After being laid off from my job after nineteen years of working for the same company, I found myself bewildered, confused, and completely scared that my regular income was being cut off.
So, taking the time I would have spent working, I made sure to do all the steps you’re supposed to when you lose a job suddenly, including filing for unemployment.
In my state/country, unemployment tax is taken from your paycheck. I’m in my late forties and have never applied for unemployment, so in my eyes, I’m due some back, right?
I read all the rules and even did an online chat with the state’s unemployment department to make sure I was doing everything right. I filled out all their paperwork and soon began receiving my unemployment, which was maybe half of the pay I had been receiving but was better than nothing.
Everything was fine for two months while I got an updated resume and began searching for a new position.

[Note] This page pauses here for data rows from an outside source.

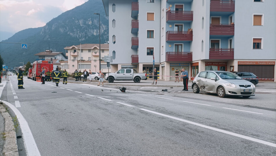 Questa sera a Tione erano da poco passate le 19:30 e uno scontro violentissimo si è consumato sulla via circonvallazione all’altezza dell’incrocio con via Legione Trentina tra una moto Yamaha di grossa cilindrata e una vettura Toyota. Allertati i vigili del fuoco di Tione sono immediatamente accorsi e nella dinamica ricostruita insieme ai carabinieri si è potuto constatare che l’automobilista della Toyota proveniva dalla via Legione Trentina e senza fermarsi alla stop attraversava la via circonvallazione mentre proveniva per andare verso la Rendena a forte velocità la moto che non ha potuto evitare l’impatto talmente violento che la vettura si è girata su se stessa e la moto nell’urto si è spezzata in tre pezzi scaraventando il centauro ad una trentina di metri.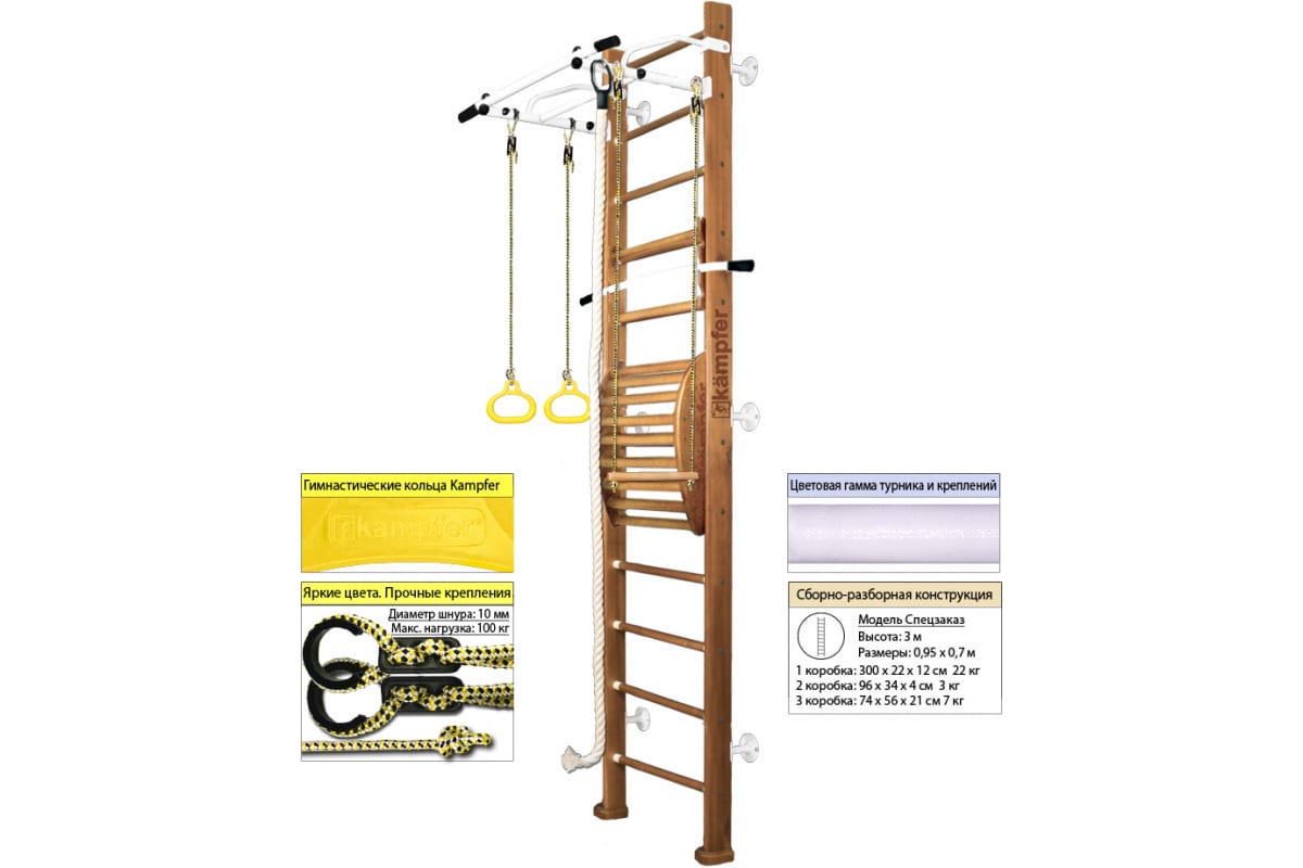 Шведская стенка Kampfer Helena Maxi Wall, №2 ореховый, высота 3м, белый, турник K03622010 – детский спортивный комплекс, который включает в себя шведскую стенку, турник, канат, кольца, трапецию и тренажер для спины Kampfer Posture Wall.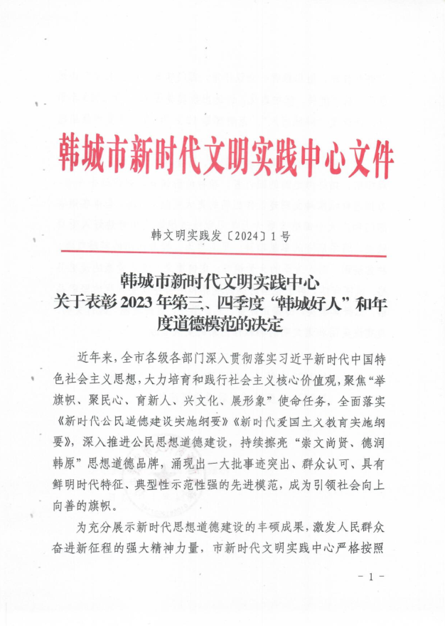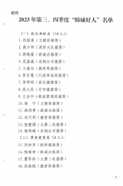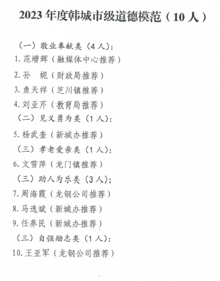 近日,韓城市2023年第三、四季度“韓城好人”和年度道德模范名單出爐。公司6名職工“榜上有名”。其中范磊磊、楊偉峰榮獲敬業奉獻類“韓城好人”,巨輝、路鵬榮獲見義勇為類“韓城好人”,周海霞榮獲助人為樂類“道德模范”,王亞軍榮獲自強勵志類“道德模范”。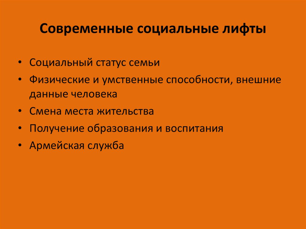 Современные социальные лифты• Социальный статус семьи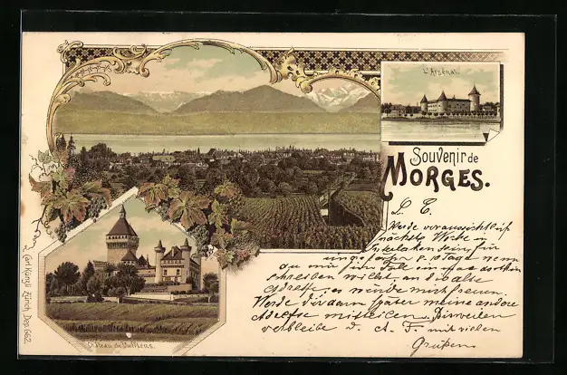 Lithographie Morges, L`arsenal, Weinberge, Chateau de Vufflens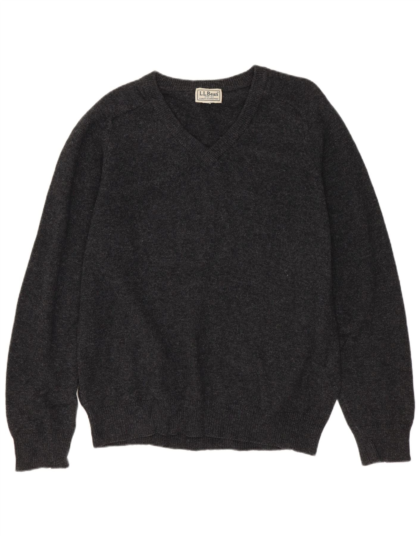 L.L.BEAN Pull col en V pour femme UK 16 Grande laine grise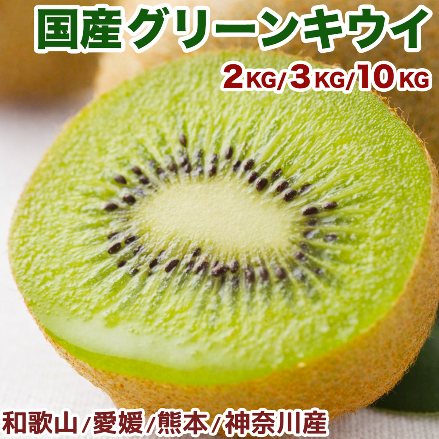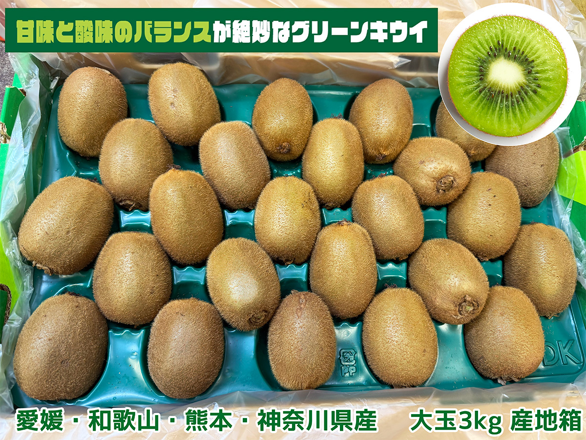 国産キウイフルーツ 大玉限定 2kg/3kg/10kg 愛媛・和歌山・熊本・神奈川産 |鮮やかな緑果肉と爽やかな甘みの甘熟グリーンキウイ|家庭用・贈答用|検品発送

Then, I started getting letters in the mail threatening to cut off my unemployment benefit payments and perhaps make me pay back what they’d already given me because they had received information from somewhere — they wouldn’t tell me where — that I was receiving a pension.
Nope. I never signed up for one, so I didn’t have one. I told them.
Then, I received another letter saying they knew I had a pension, and unless I gave them the information about this pension, blah, blah, blah.
I told them again that nope, I didn’t have one.
Then, I got the letter saying my payments were being stopped because I couldn’t prove I didn’t have a pension — the old proving a negative argument.
If I disagreed, I could have a formal hearing. So, I said yes.
Six weeks later, I still haven’t received any payment and I am in the hearing.
The hearing officer is going over all the information they have, marking this page as an exhibit, that page as an exhibit, and so on and so forth.
I remain quiet as this is a legal hearing and, having seen their exhibits, I have a simple answer for her.
When it’s my turn to speak on my behalf, I say simply, “That exhibit you said you sent me? I never received it.”
It was a letter that, according to her, I would have simply check-marked that I never signed up for a pension and do not receive one, and they would have been satisfied.
She seems to be completely flummoxed and begins giving all sorts of excuses as to why and how every other communication reached me but this one crucial piece of paper, while I silently stew.
She wraps up the hearing with a good, old-fashioned, “Well, I’ll make my decision by the end of the week.”
You do that, sweetie, I think, but instead of giving vent to my months-long frustration, I shake her hand and leave. It still takes a few weeks for them to get my past-due benefits to me, which amounts to several thousand dollars.
Note that all this happened around the holidays, a time when people generally need every dollar they can get their hands on.